Lors de la conférence de presse organisée conjointement par les ministres de la Communication, de la Justice et celui de la Sécurité publique, le 4 novembre, il a été notamment question de l’ingérence de l’exécutif dans l’exécution des décisions de justice.

Sans filtre, Mahamat Ahmad Alhado, ministre de la Justice, a justifié ses ingérences dans certains dossiers traités par  les magistrats. « Le garde des Sceaux, ministre de la Justice, la loi l’autorise dans le cadre du pouvoir, dans l’intérêt de la loi d’empêcher certaines décisions de justice qui porteraient préjudice à la communauté », dit-il à qui veut l’entendre.

Le ministre fait notamment allusion à l’affaire qui avait opposé l’ONG World Vision à un particulier. « Je ne peux pas accepter qu’on prenne de la caisse de World Vision plus d’un milliard de francs pour donner à un individu », s’agace-t-il, avant d’ajouter que les comptes de cette ONG aident presque de millions de Tchadiens dont les paysans essentiellement en matière scolaire et agricole.

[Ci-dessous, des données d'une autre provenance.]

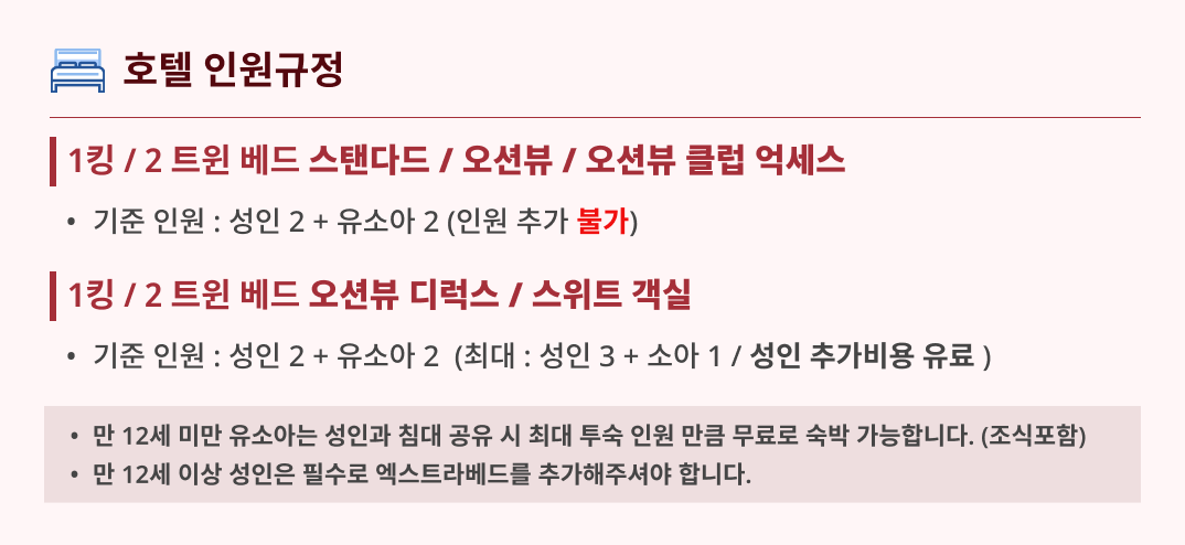 | [üũÀÎ 15:00 / üũ¾Æ¿ô 12:00] ¡Úº¯°æ, Ãë¼Ò ±ÔÁ¤ ¾È³»¡Ú ** ¸ðµç ¿¹¾à ȯºÒ, º¯°æ Àý´ë ºÒ°¡ÇÕ´Ï´Ù. ** ¤ý¸ðµç È£ÅÚ ¿¹¾àÀÇ Ãë¼Ò ¹× º¯°æÀº º£Æ®³²½ºÅ丮¸¦ ÅëÇØ¼¸¸ ÀÌ·ç¾îÁ®¾ß ÇÏ¸ç ±Ù¹«½Ã°£¿Ü¿¡ Á¢¼öµÈ °Ç¿¡ ´ëÇØ¼´Â ¡¡´ÙÀ½ ±Ù¹« ÀÏÀÚ¿¡ Á¢¼öµÈ °ÍÀ¸·Î °£Áֵǰí 󸮵˴ϴÙ. (»ó´ã°Ô½ÃÆÇ ÀÌ¿ë) ¤ýÃë¼Ò´Â °¢ È£ÅÚ ±ÔÁ¤À» µû¸£¸ç Á¤È®ÇÑ Ãë¼Ò ÀÏÀÚ ¹× ÆÐ³ÎƼ´Â °´½ÇÀÌ È®Á¤µÇ¾úÀ» ¶§ ¾Ë ¼ö ÀÖ½À´Ï´Ù. ¤ý¿¹¾à ½Ã ¹Ì¸® ÆÐ³ÎƼ¸¦ ¾È³»Çصå·È¾îµµ, ÇöÁö »çÁ¤/Çà»ç µî¿¡ ÀÇÇØ ÆÐ³ÎƼ ±ÔÁ¤ÀÌ º¯µ¿µÉ ¼ö ÀÖÀ¸´Ï ¾çÇØ ºÎʵ右´Ï´Ù. ¡Ø ¹«·á º¯°æ, Ãë¼Ò ±â°£ ÀÌÈķδ ¸ðµç º¯°æ ¹× Ãë¼Ò°¡ ºÒ°¡ÇÕ´Ï´Ù. ¡Ø Ãë¼Ò º¯°æ ºÒ°¡ ÇÁ·Î¸ð¼ÇÀÌ Àû¿ëµÇ¾úÀ» °æ¿ì ºÒ°¡´ÉÇÕ´Ï´Ù. ¡Ø ÈÞÀÏ ¹× ÆòÀÏ »ç¹«½Ç ¾÷¹«Á¾·á ÈÄ Ãë¼Ò´Â Ãâ¹ßÀÏ ±âÁØ¿¡¼ Á¦¿ÜµË´Ï´Ù. [¿¹¾à ½Ã À¯ÀÇ»çÇ×] 1. ¿¹¾à ¿äû ¤ý¼¼±Ý ¹× ºÀ»ç·á Æ÷ÇÔÇÑ ÃÑ °áÁ¦ ±Ý¾×ÀÔ´Ï´Ù. ¤ýÁ¶½Ä ºÒÆ÷ÇÔ À̶ó´Â º°µµ Ç¥½Ã°¡ ¾ø´Â ÇÑ ¸ðµç °´½ÇÀº °´½Ç ´ç ±âÁØÀοø¿¡ ´ëÇÑ Á¶½Ä Æ÷ÇÔ ¿ä±ÝÀÔ´Ï´Ù. ¤ýµ¿ÀÏÇÑ À̸§À¸·Î °°Àº ³¯Â¥¿¡ ¿©·¯ È£ÅÚ¿¡ ¿¹¾àÀ» ³Ö´Â °æ¿ì ¿¹¾à È¥¼±ÀÌ ¾ß±âµÉ ¼ö ÀÖ½À´Ï´Ù. ¤ý¼÷¹Ú½Ã¼³ÀÌ ±ÔÁ¤ÇÏ´Â ±ÔÄ¢°ú ¾à°üÀ» ÁؼöÇØ¾ß ÇÕ´Ï´Ù. ¤ýº£µåŸÀÔÀº È®Á¤»çÇ×ÀÌ ¾Æ´Õ´Ï´Ù. 2. ¿¹¾à È®Á¤ ¤ýÈ£ÅÚ ¿¹¾à ÈÄ ¿µ¾÷ÀÏ ±âÁØ 24½Ã°£ À̳» ¹®ÀÚ·Î °´½Ç È®Á¤ ¿©ºÎ¸¦ ¾Ë·Áµå¸³´Ï´Ù. ¤ýº£Æ®³² ½ºÅ丮´Â Ư°¡°´½Ç ¿î¿µÀ» À§ÇØ È£ÅÚ È¤Àº ÇØ¿Ü ¿¡ÀÌÀü½Ã¿Í Á÷°Å·¡¸¦ Çϱ⠶§¹®¿¡ ¿©Çà»ç °ø½Ä °èÁ ¼Û±Ý ¹æ½ÄÀ¸·Î °¡´ÉÇϸç, ÀϺΠ°í°¡È£ÅÚ¸¸ Ä«µå°áÁ¦°¡ °¡´ÉÇÕ´Ï´Ù. ¡¡°´½Ç È®Á¤ °íÁö ÈÄ °áÁ¦½ÃÇÑ À̳» °áÁ¦°¡ ÀÌ·ç¾îÁöÁö ¾ÊÀ¸¸é ¿¹¾àÀº °íÁö ¾øÀÌ ÀÚµ¿ Ãë¼ÒµË´Ï´Ù. ¤ý°áÁ¦´Â ¿©Çà»ç °ø½Ä °èÁ·ΠȣÅÚ ¿¹¾àÀÚ ¸íÀÇ·Î ¼Û±Ý ÇØÁÖ¼Å¾ß ÇÕ´Ï´Ù. ŸÀÎ ¸íÀÇ·Î ¼Û±Ý ½Ã ÀüÈ ¹®Àǹٶø´Ï´Ù. 3. ¿¹¾àÈ®Á¤¼(¹Ù¿ìó) ¹ß±Þ ¤ýº£Æ®³²½ºÅ丮 È£ÅÚ ¿¹¾àÁ¶°ÇÀº °´½Ç È®Á¤ ÈÄ ¹Ýµå½Ã Ãâ¹ß Àü °´½Ç·á¸¦ ÁöºÒÇØ¾ß ÇÏ´Â "¼± ÁöºÒ¹æ½Ä"À̸ç, ¡¡°áÁ¦¿Ï·á ÈÄ ¹Ýµå½Ã ¼÷¹Ú±Ç(¹Ù¿ìó)¸¦ Ãâ·ÂÇϼż üũÀÎ ½Ã ÇÁ·ÐÆ®¿¡ Á¦½ÃÇØ¾ßÇÕ´Ï´Ù. ¡¡¼÷¹Ú±ÇÀº ÃÖ´ë ¿µ¾÷ÀÏ ±âÁØ 5ÀÏ À̳» ¸ÞÀÏ·Î ¹ß¼ÛÇØµå¸³´Ï´Ù. 4. ¿¹¾à Ãë¼Ò ¹× No-show ¤ýº£Æ®³²½ºÅ丮´Â °í°´´ÔÀÇ No-show ¹× Go-show ¿¡ ´ëÇØ ÀÏüÀÇ Ã¥ÀÓÀ» ÁöÁö ¾Ê»ç¿À´Ï, »çÀü¿¡ ¿¹¾àÈ®Á¤ ¹× ¡¡½ÇÁ¦ Åõ¼÷ ¿©ºÎ¸¦ Á¤È®ÇÏ°Ô È®ÀÎÇϼż ÇöÁö¿¡¼ ºÒÀÌÀÍÀ» ´çÇÏÁö ¾Êµµ·Ï ÁÖÀÇÇϽñ⠹ٶø´Ï´Ù. ¡¡No-show : ¿¹¾àÈ®Á¤À» ¹ÞÀº µÚ ¿¹¾àµÈ ³¯Â¥¿¡ °í°´ÀÌ È£ÅÚ¿¡ Åõ¼÷ÇÏÁö ¾Ê´Â °æ¿ì(¿¹¾àºÎµµ) ¡¡Go-show : ¿¹¾à¸¸ ÇÏ°í ¿¹¾àÈ®Á¤À» ¹ÞÁö ¸øÇÑ »óÅ¿¡¼ È£ÅÚ Åõ¼÷À» À§ÇØ ÇöÁöÈ£ÅÚ¿¡¼ ´ë±âÇÏ´Â °æ¿ì ¤ýÀ¥»çÀÌÆ®ÀÇ È£ÅÚÁ¤º¸´Â È£ÅÚ¿¹¾àÀ» À§ÇÑ Âü°í ÀÚ·á·Î È£ÅÚ ³» ÀÚü º¯µ¿À̳ª ±âŸ »çÀ¯·Î ½ÇÁ¦¿Í Â÷À̰¡ ÀÖÀ» ¼ö ÀÖÀ¸¸ç, ¡¡ÀÌ¿¡ ´ëÇØ º£Æ®³²½ºÅ丮´Â Ã¥ÀÓÀ» ÁöÁö ¾ÊÀ½À» ¾çÁöÇϽñ⠹ٶø´Ï´Ù. ¤ý°´½Ç¹èÁ¤¿¡ µû¸¥ ¿äû»çÇ×(±Ý¿¬·ë, °íÃþ µî)Àº È£ÅÚ¿¡ Àü´ÞµÇ³ª, ½ÇÁ¦ ¿î¿µÇϴ ȣÅÚÀÇ »çÁ¤¿¡ µû¶ó °áÁ¤µÇ´Â »ç¾ÈÀ¸·Î ¡¡º£Æ®³²½ºÅ丮¿¡¼ º¸Àå ÇÒ ¼ö ÀÖ´Â »çÇ×ÀÌ ¾Æ´ÔÀ» ¾Ë·Áµå¸³´Ï´Ù. ¤ýÀüü Åõ¼÷°´¼ö°¡ ÃÖ´ë ¼ö¿ëÀοøÀ» ÃʰúÇØ¼´Â ¾È µÇ¸ç, ¸¸¾à ±ÔÁ¤À» ¾î±â¸é µµÂø ½Ã ¡¡¼÷¹ÚÀ» °ÅÀý´çÇϰųª Ãß°¡¿ä±ÝÀ» ³»¾ß ÇÒ ¼öµµ ÀÖ½À´Ï´Ù. ¤ýÃë¼Ò¸¶°¨ÀÏ »êÁ¤Àº Åä¿äÀÏ, ÀÏ¿äÀÏ, °øÈÞÀÏÀ» Á¦¿ÜÇϰí, °æ¿ì¿¡ µû¶ó º°µµÀÇ Ãë¼Ò¸¶°¨ÀÏÀÌ ¡¡Àû¿ëµÉ ¼ö ÀÖ½À´Ï´Ù. (Çà»ç ȤÀº È£ÅÚ ÃøÀÇ Æ¯º°±ÔÁ¤À» µû¸¨´Ï´Ù) |

« Et si c’était à refaire, je le referai et je le fais tout le temps », martèle le ministre. Malgré les injonctions du ministre, l’opérateur économique avait fini par remporter le procès, au bout d’une longue procédure définitivement tranchée par la Cour suprême. « Conscient du principe cardinal de séparation des pouvoirs et de l’indépendance de la justice, le président de la haute juridiction, à savoir la Cour suprême, a, à ce jour, 20 octobre 2021, déclaré irrecevable la requête de l’ONG World Vision », s’étaient réjouis les avocats de la partie civile, au lendemain de cette décision, dénonçant au passage une « immixtion flagrante » du ministre de la Justice, qui avait ordonné, selon eux, au procureur  général près la Cour d’appel de N’Djamena, « de tout mettre en œuvre pour suspendre l’exécution du jugement correctionnel répertoire n°160/2021 ».

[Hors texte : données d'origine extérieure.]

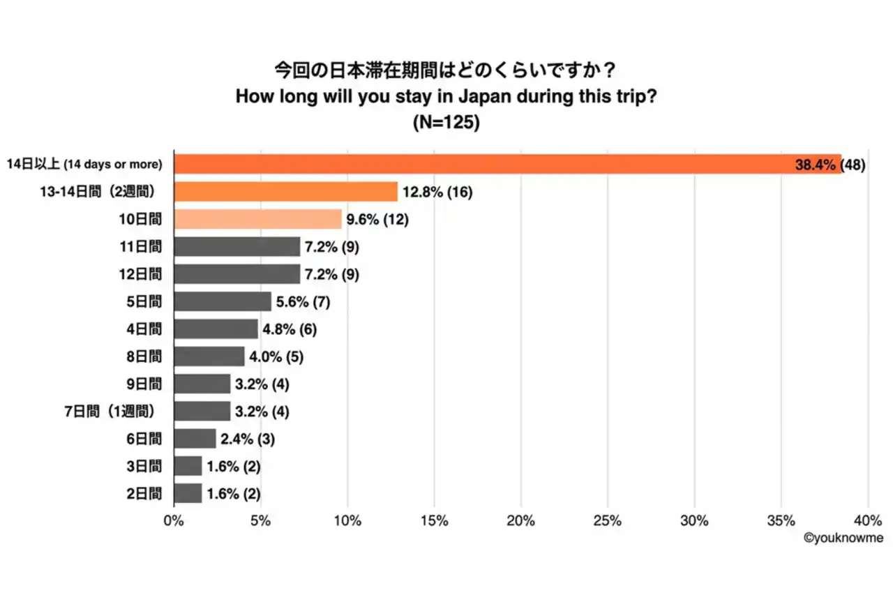 このうち日本に滞在する期間を問う設問では、14日以上(38.4%)、13日~14日(12.8%)という結果となり、年末年始の長期休みは日本滞在がメインであることが分かります。 |

Dans cette affaire de « faux contrats » dont s’est rendu coupable un ancien coordinateur national de l’ONG World Vision, Rimhoudal Dono, qui avait signé des documents au nom de ladite ONG, la justice avait retenu contre l’institution et son agent les infractions de «  faux et usage de faux et d’escroquerie ». Rimhoudal Dono et World Vision ont été condamnés, après plusieurs démarches judiciaires, à payer une amende ferme de 10 millions et à l’opérateur économique, la somme de 978.809.375 F CFA à titre principal et par provision, nonobstant toutes voies de recours et de 150.000.000 F CFA à titre de dommages-intérêts pour tous préjudices.

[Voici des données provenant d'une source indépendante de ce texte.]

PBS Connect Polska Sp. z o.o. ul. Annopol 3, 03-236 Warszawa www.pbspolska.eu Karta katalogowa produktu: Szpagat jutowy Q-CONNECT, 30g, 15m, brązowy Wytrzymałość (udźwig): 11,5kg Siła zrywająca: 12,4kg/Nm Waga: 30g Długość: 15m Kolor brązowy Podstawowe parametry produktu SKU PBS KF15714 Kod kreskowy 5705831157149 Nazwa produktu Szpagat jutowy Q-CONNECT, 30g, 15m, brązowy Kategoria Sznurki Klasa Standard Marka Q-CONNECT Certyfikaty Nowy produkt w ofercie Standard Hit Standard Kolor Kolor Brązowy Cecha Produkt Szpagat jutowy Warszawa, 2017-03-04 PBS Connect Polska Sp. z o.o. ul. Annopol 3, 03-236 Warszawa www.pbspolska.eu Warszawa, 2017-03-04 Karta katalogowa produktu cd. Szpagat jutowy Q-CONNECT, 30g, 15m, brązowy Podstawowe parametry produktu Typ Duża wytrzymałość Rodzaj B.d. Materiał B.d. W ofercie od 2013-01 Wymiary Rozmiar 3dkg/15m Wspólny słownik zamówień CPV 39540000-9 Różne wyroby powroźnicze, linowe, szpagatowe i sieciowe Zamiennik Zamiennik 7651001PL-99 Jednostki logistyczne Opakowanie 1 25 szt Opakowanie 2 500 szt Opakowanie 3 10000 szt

Alerte de l’Ordre des avocats

Quelques jours avant la décision de la Cour suprême, c’était l’Ordre des avocats tchadiens qui s’inquiétait des immixtions de l’exécutif dans les décisions de justice. « Lesquelles immixtions se manifestent par des instructions et correspondances tendant à bloquer les exécutions », s’est insurgé le bâtonnier Djerandi Laguerre Dionro. Il avait appelé au respect des règles et principes de droit qui gouverne la justice et que « l’intérêt général prime en tout ».